Repeat what the lines below say, word for word, and skip every image.

• **Provided data**:
==============================

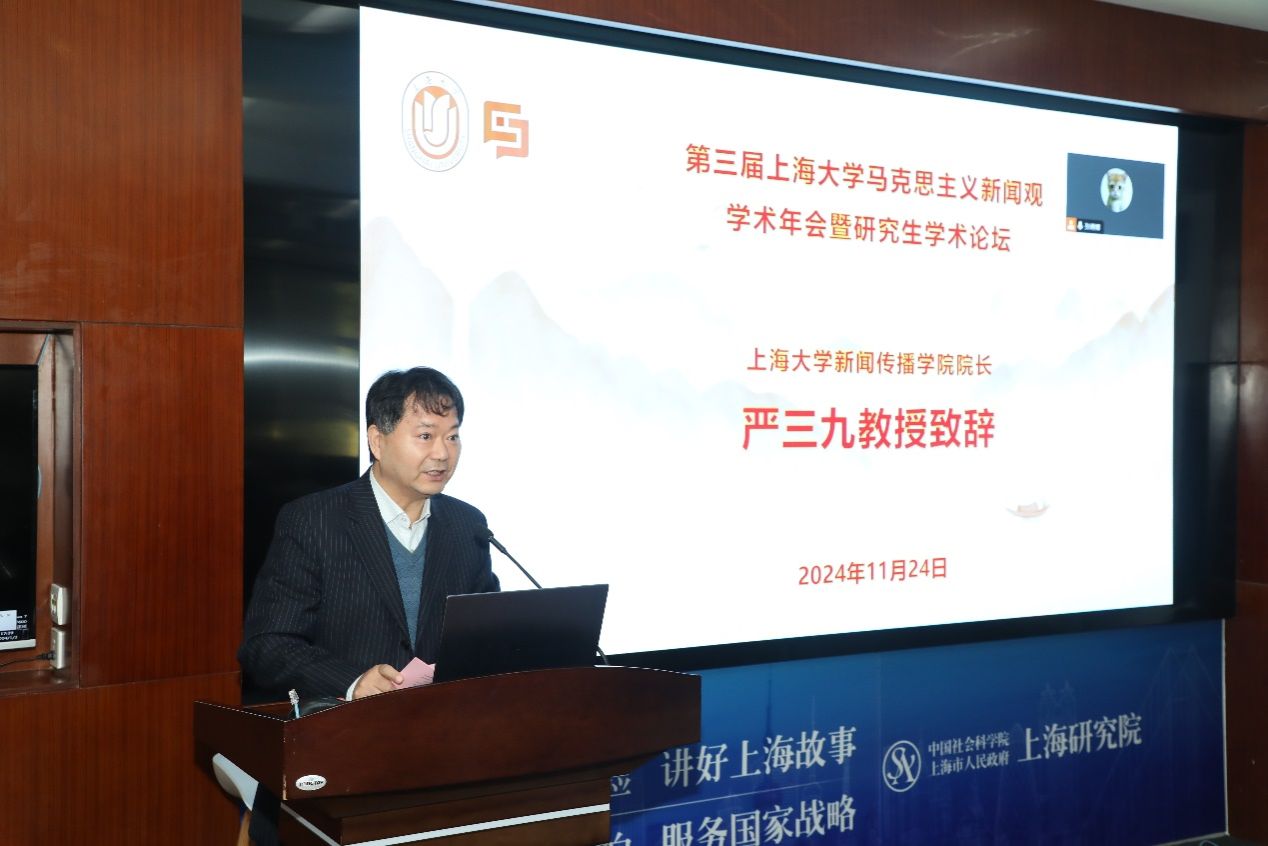 11月24日,365完美体育新闻传播学院主办的“第三届马克思主义新闻观学术年会暨研究生学术论坛”在上海召开。论坛聚焦“两个结合与新时代中国特色新闻话语建构”这一主题,深入探讨马克思主义中国化在新闻领域的实践。会议强调,中国特色新闻学理论话语的创新应紧密结合中国国情和文化,这是马克思主义中国化的必然要求。中国共产党在百年间建构了诸多本土特色的新闻话语体系,当前亟需对新时代中国特色新闻话语进行深入研究与探讨。此次论坛诚邀全国新闻传播学者共襄盛举,共谋发展。开幕式由365完美体育新闻传播学院党委书记王晴川教授主持。
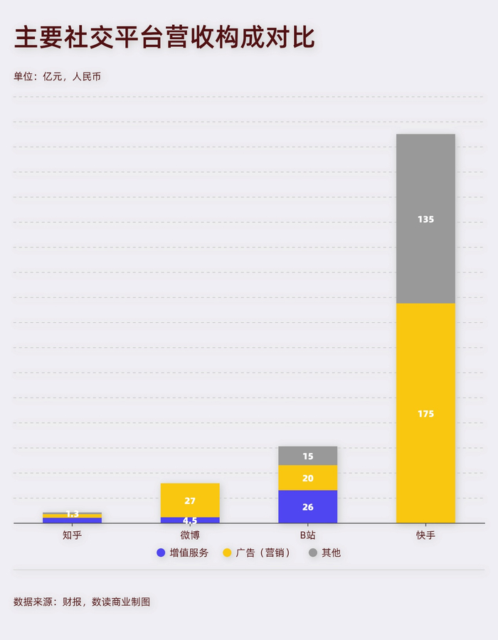 但增值服务挣不到钱也不是问题,快手也没有增值服务,视频内容都是免费,却可以做到更高的营收和利润,这个背后则是社交平台的商业模式变化。
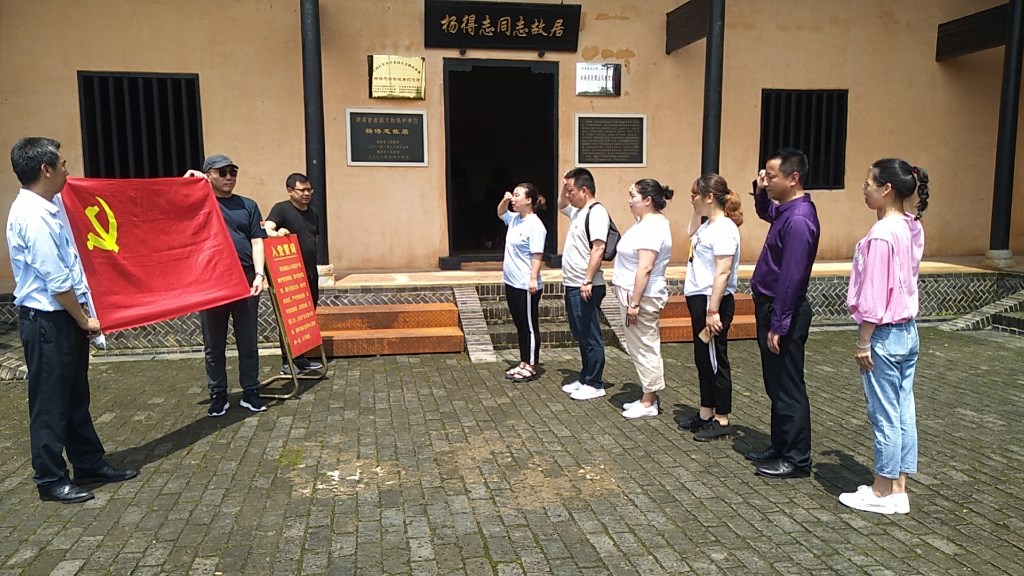 上午10:00,渌口区机关幼儿园全体党员教师在杨得志故居前重温入党誓词。"我志愿加入中国共产党........;",面对鲜红的党旗,高举右拳,字字铿锵。一句句铿锵有力的入党宣誓,响彻在将军故里。

==============================

• **Answer**:
 11月24日,365完美体育新闻传播学院主办的“第三届马克思主义新闻观学术年会暨研究生学术论坛”在上海召开。论坛聚焦“两个结合与新时代中国特色新闻话语建构”这一主题,深入探讨马克思主义中国化在新闻领域的实践。会议强调,中国特色新闻学理论话语的创新应紧密结合中国国情和文化,这是马克思主义中国化的必然要求。中国共产党在百年间建构了诸多本土特色的新闻话语体系,当前亟需对新时代中国特色新闻话语进行深入研究与探讨。此次论坛诚邀全国新闻传播学者共襄盛举,共谋发展。开幕式由365完美体育新闻传播学院党委书记王晴川教授主持。
 但增值服务挣不到钱也不是问题,快手也没有增值服务,视频内容都是免费,却可以做到更高的营收和利润,这个背后则是社交平台的商业模式变化。
 上午10:00,渌口区机关幼儿园全体党员教师在杨得志故居前重温入党誓词。"我志愿加入中国共产党........;",面对鲜红的党旗,高举右拳,字字铿锵。一句句铿锵有力的入党宣誓,响彻在将军故里。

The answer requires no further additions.